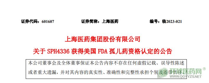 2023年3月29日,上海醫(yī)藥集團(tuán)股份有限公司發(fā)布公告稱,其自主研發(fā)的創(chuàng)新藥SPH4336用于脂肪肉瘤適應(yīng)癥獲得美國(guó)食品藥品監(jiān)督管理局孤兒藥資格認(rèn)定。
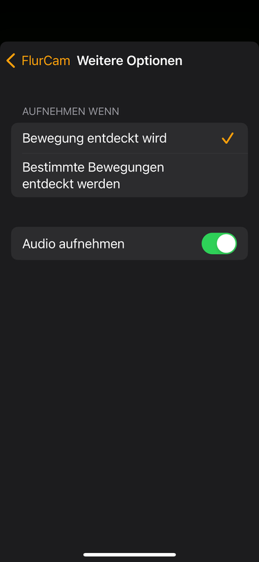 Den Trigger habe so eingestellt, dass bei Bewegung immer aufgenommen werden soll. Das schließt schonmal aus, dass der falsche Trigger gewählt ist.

------------------------------------------------

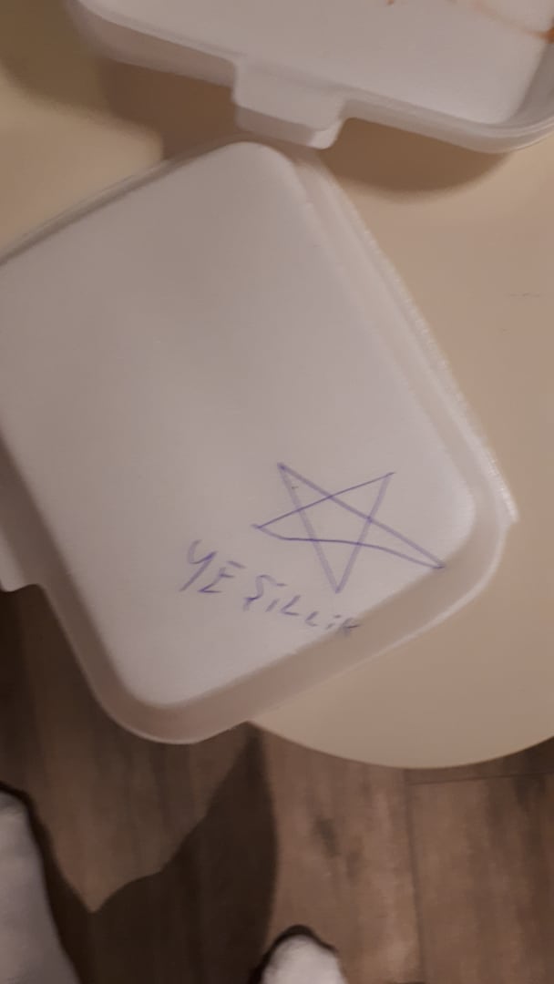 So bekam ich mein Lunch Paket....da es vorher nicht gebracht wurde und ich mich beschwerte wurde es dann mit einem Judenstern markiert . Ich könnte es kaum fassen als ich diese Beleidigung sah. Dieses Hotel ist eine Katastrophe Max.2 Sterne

------------------------------------------------

> **Your objective**
In the listing above, find the line containing "2023年3月29日,上海醫". Output it and every line after it up to and including the line containing "Den Trigger habe", exactly, but skip the pictures.

> **Reply**
 2023年3月29日,上海醫(yī)藥集團(tuán)股份有限公司發(fā)布公告稱,其自主研發(fā)的創(chuàng)新藥SPH4336用于脂肪肉瘤適應(yīng)癥獲得美國(guó)食品藥品監(jiān)督管理局孤兒藥資格認(rèn)定。
 Den Trigger habe so eingestellt, dass bei Bewegung immer aufgenommen werden soll. Das schließt schonmal aus, dass der falsche Trigger gewählt ist.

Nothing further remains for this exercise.